Paper No. 22-1
Presentation Time: 3:55 PM
APPLICATION OF REMOTE SENSING AND GROUND-PENETRATING RADAR TECHNOLOGIES TO ASSESS DAMAGE CAUSED BY HURRICANE IAN IN SOUTHWEST FLORIDA
Remote sensing (UAV-flown LiDAR), geospatial analysis, and ground-penetrating radar (GPR) are being used to map and monitor the morphosedimentary condition of Southwest Florida’s (Collier and Lee Counties) coastal zone to both chronicle the impacts of climate change (through sea-level rise and storminess) and inform resiliency planning by local governments, unincorporated communities, and State Parks and Federal Reserves. The pre-event baseline condition was mapped using either drone LiDAR in the spring and summer of 2022, prior to Hurricane Ian, or using NOAA 2018 fixed-wing LiDAR for those regions not flown before Ian’s arrival. Hurricane Ian made landfall as a strong category 4 storm on 28 September 2022 in northern Lee County. Its slow forward progression, intense winds, and trajectory, generated ideal conditions for an extreme surge, reaching as high as 4.6 m NAVD88. Two surge-related processes influenced coastal geomorphology. Flood surge, due to its extreme height, created “overwash and inundation regime” impacts (after Sallenger) and transported shelf sands to the back dune environment, transgressing the foredune and lowering crest height. Flood surge overwashed several barrier islands and caused extensive flooding damage, destruction of poorly constructed or low elevation buildings, and loss of life. Ebb surge returned flood waters at a lower elevation which caused prolific erosion, creating ebb surge channels that transected the foredune and backshore and undercut foundations of structures located seaward of or up to the coastal construction control line.

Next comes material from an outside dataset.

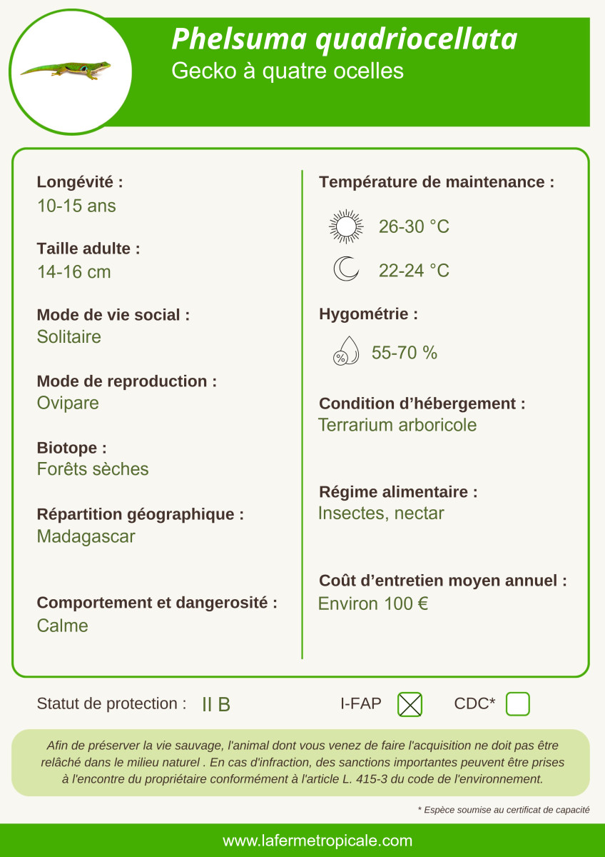 Ce Phelsuma doit son nom aux quatre ocelles noires et bleues qui ornent le côté de son corps, au niveau des pattes. Il occupe la partie Est de l'île de Madagascar. Il atteint 12 à 13 cm.

A comparison of pre- and post-storm digital elevation models reveals: the processes causing these geomorphic effects, the spatial variability of coastal vulnerability, the quantification of sediment gains and losses, and, most importantly, invaluable insight for restoration strategies and the building of resilience capacity. GPR surveys complement the geospatial analyses by revealing the prehistory of late Holocene storm surge erosion. GPR traces, from surveys oriented parallel the shoreline but high on the backshore or foredune, exhibit channel-forms consistent with ebb surge processes. This work clearly demonstrates that certain regions are chronically eroded, further illuminating vulnerabilities.